Рождественский концерт должен был начаться ближе к концу дня, после всех уроков, чтобы создать хоть какой-то намек на вечер. Как всегда, расстояния от вчерашнего дня, до сей момента я не заметил. Проводил Ена и снова его встретил. Учебный был сокращен, многие готовились к тому, что за места будут драться. Сам я помню, как занимал для своих друзей места и оборонял их от всех остальных. Этот рождественский фестиваль был всем по душе, ну а те немногие, что любили побыть одни в такой вечер – просто уходили домой. Или в каморку…

И вот, так сказать, сигнал к началу концерта. Боже мой, как мне все это напоминает мой 1960 год, отсюда, от самого верхнего рядя отличный вид на концерт. Кажется, вот–вот на сцену с речью выйдет миссис Пул и объявит нас с друзьями. Правда, софиты были хуже, не такими яркими, но моему воображению это не мешает. Для меня, все они стоят на сцене. Грациозно обхватывает гриф белого смешного контрабаса Гордон, красуется своими воздушными поцелуйчиками Джо и как механик с заправки возиться с ударной установкой Милз. Таких номеров больше никогда не будет…

Изучив небольшую афишу, распечатанную на сером монстре, который в канцелярии стоит, я теперь знаю, что после номера, который я сейчас смотрю, выходит Глен.

– А следующий выступающий окунет нас в атмосферу романтики… Разумеется, он в силах погрузить нас в нее своими загадочными и теплыми картинами. Именно таким мы его все знаем! Но сегодня он подготовил нам сюрприз – встречайте, бурными овациями, Глен Петти! – ведущий в весьма пафосной форме объявил моего друга.

В голове у меня, моя картина, далекого времени, старый с помехами микрофон и слова, что струились сквозь него – …Сейчас…я бы хотел исполнить то, что написал сам…посвящаю всем влюбленным и одному особенному человеку…

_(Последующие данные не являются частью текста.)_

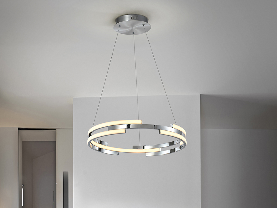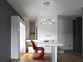 Lampe en métal et aluminium, finition chromée. Diffuseur en silicone opale. LED 52W. 3.800 lm. 3.000 K. REGLABLE EN INTENSITÉ.

Ен выглядел эффектно, его обычные черные брюки весьма роскошно смотрелись с приятным голубым пиджаком и белым галстуком на фоне такой же небесно голубой рубашки. Про голос я промолчу. Это очень трудно выразить. Его великолепный голос был настолько чистым и приятным, что я испытал то, что давно не чувствовал – счастье! Да, будь Глен знаком с моими друзьями, они бы единогласно заменили бы низкого тенора меня, на прекрасного романтического и высокого тенора Глена. Для меня, для моего воображения, юноша выходил из голубого дыма, словно ангел, а вокруг полу–мрачная атмосфера, практически как в театре. Пространство, где за роялем сидел Глен было словно белое облако, освященное луной. Каждая нотка в песне, каждая ее часть была наполнена душой. Не может быть, Глен положительно воспринял мое нравоучение, в первый раз без каких либо колебаний. Об этом точно можно сказать, что Глен Петти, юноша, что играет мою песню, оправдывает ее название. И Анна Мария, разумеется была в восторге. Она сидела чуть ближе к сцене, чем я. А в ее глазах напрашивается эта фраза – Навсегда в моих мечтах!

Мне осталось только пожелать удачи влюбленным, надеюсь, подобие моей истории с Эми не коснется их.

– Ты был великолепен! – когда Глен удалился за сцену, а следом за ним, там оказался я.

По понятным причинам, за сценой, где было много народу, ответить осыпающему его овациями мне он не имел возможности.

– Г–Л–Е–Е–Н! Это было потрясающе! – чуть позже, сюда пришла Анна.

Кажется, что ее остальные номера уже мало интересовали.

– П…правда?! – Ох, спасибо тебе… – с глазами в пол, неловко отвечал Глен.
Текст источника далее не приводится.